Charlton no longer had money to pay her staff or any of her researchers. On Monday afternoon, she called and fired the center’s executive director who just months earlier had uprooted her family and relocated from Los Angeles.

“It breaks my heart to see years of work wiped off the map,” said Charlton, associate professor and founding director of the LGBTQ Health Center of Excellence at the Harvard T.H. Chan School of Public Health. “I’m not sure we will ever recover.”

In what has become a weekly ritual, the NIH on Friday afternoon abruptly terminated tens of millions of health research grants in New England and around the country. The latest round of cuts strikes deep at the heart of the medical research infrastructure in Greater Boston, imperiling years of research into disease prevention and health disparities among traditionally underserved populations, according to a half-dozen health researchers whose funding was cut Friday.

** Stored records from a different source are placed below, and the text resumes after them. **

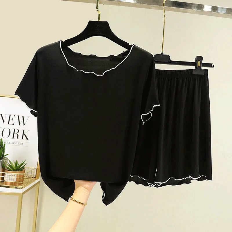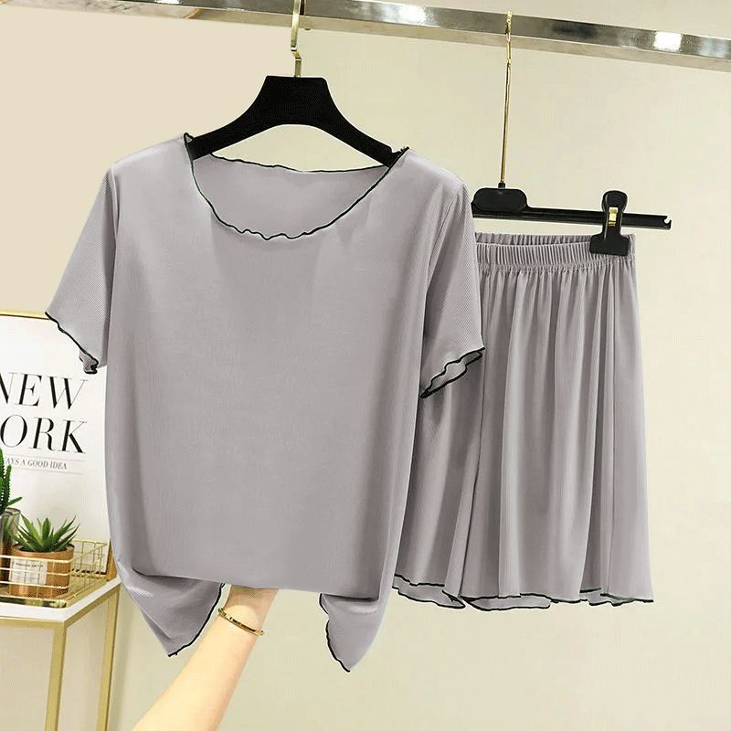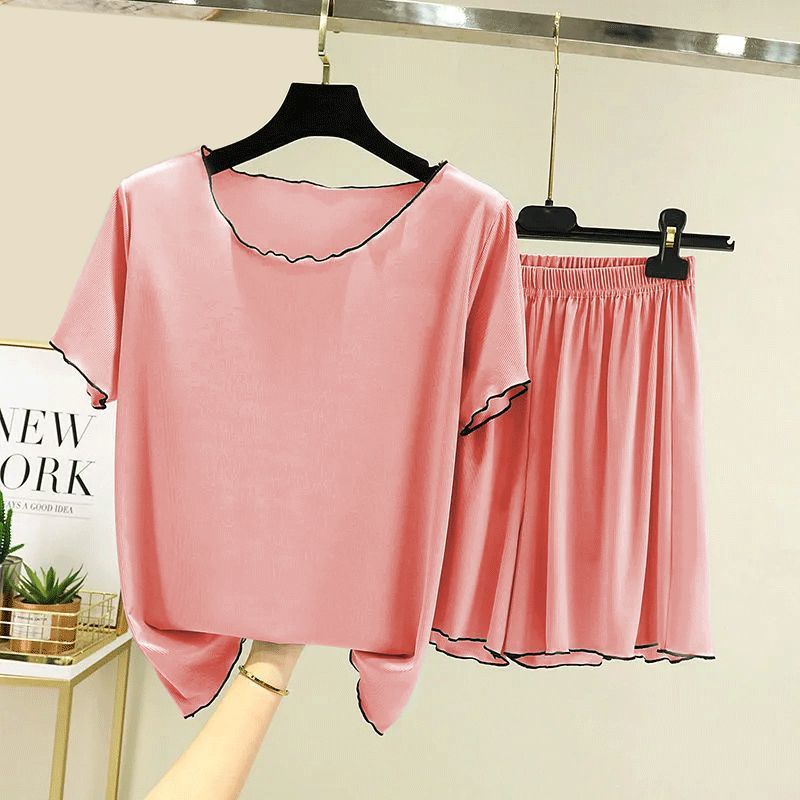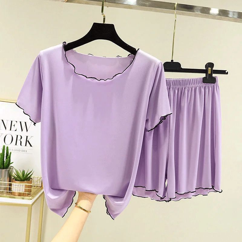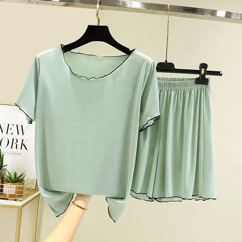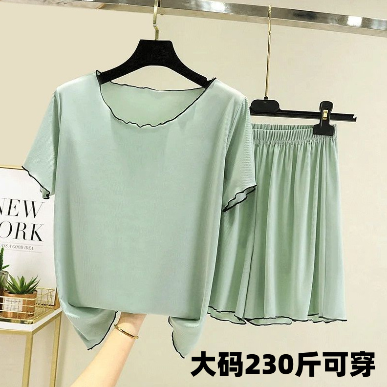 아이스 실크 플러스 사이즈 정장 여성 느슨한 100kg FatMM Homewear 새로운 잠옷 여성 반팔 투피스 세트 여름스토어 가기
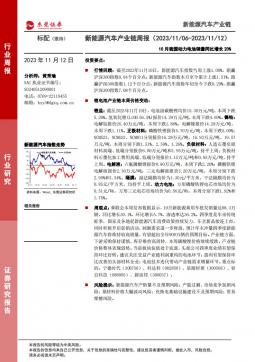 [新能源汽车]2023-11-12-东莞证券-新能源汽车产业链周报:10月我国动力电池销量同比增长20%-13页(银创产业通www.chanyetong.net)
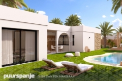 Deze fantastische moderne villa's worden gebouwd op het populaire 'Altaona Golf & Country Village' resort in Murcia. Het resort is zeer goed gelegen zowel voor permanente bewoning als voor een woning als vakantieverblijf. Op het domein zelf dat gelegen is tegen het natuurpark 'Sierra Altaona' en maar liefst 360 hectare groot is, bevinden zich allerlei faciliteiten zoals een winkelcentrum, tennis-, padel- en basketbalvelden en uiteraard de golfbaan. Het levendige stadscentrum van Murcia bevindt zich op slechts 15 minuten van dit groen domein. Het volledig afgesloten resort geniet bovendien van een 24u 7/7 beveiliging en wordt perfect onderhouden door verschillende onderhoudsfirma's.U kan binnen dit project kiezen uit verschillende types. Dit model wordt gebouwd op percelen van 405 m² en beschikt over 3 zeer ruime slaapkamers en 2 badkamers. Alles op het gelijkvloers. Indien u een verdieping extra wilt, is dit mogelijk in een ander type.De leefruimte met open keuken leent zich ertoe om bij goed weer tot 1 geheel te bekomen met de buitenruimte. U voelt het al, met een gemiddelde van 320 dagen zon per jaar in Spanje zullen deze brede raampartijen meer open dan dicht zijn.In de fantastische tuin zelf bevindt zich het terras van 30 m², waar u eventueel een open keuken kan laten installeren. U krijgt een mogelijkheid tot verfrissing in het 7x3 m groot zwembad in de tuin.Langs de zijkant van de villa is er plek om uw auto op uw perceel te parkeren.De villa's kenmerken zich door de fantastische prijs-kwaliteitsverhouding op een prachtig resort aan de Costa Cálida in Murcia.Is deze villa toch nog niet volledig op uw maat? Geen nood, binnen dit domein hebben we vele andere mogelijkheden. Meer weten?
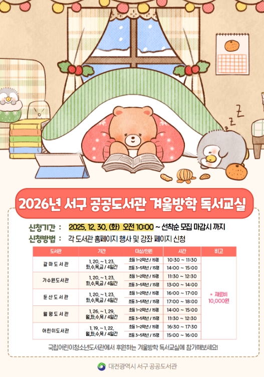 [뉴스스텝] 대전 서구는 겨울방학을 맞아 관내 초등학교 1~5학년 어린이를 대상으로 5개 공공도서관에서 ‘겨울방학 독서 교실’을 운영한다고 23일 전했다.
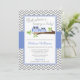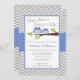 Convites temáticos do chá de fraldas da coruja moderna da pervinca. As características de design uma coruja da mãe e do bebê que senta-se em um ramo com uma viga cinzenta modelam.

Among those hardest hit is the research arm of Fenway Health, which for five decades has pioneered infectious disease research in the gay and lesbian community. On Friday, the NIH terminated five of its research grants. These included multi-year studies into prevention and treatment of HIV for adolescents and the effects of social isolation among older LGBTQ people. Including Friday’s cuts, the Fenway Institute has seen a dozen of its 27 NIH grants terminated since Trump took office — amounting to $1.8 million in lost funding.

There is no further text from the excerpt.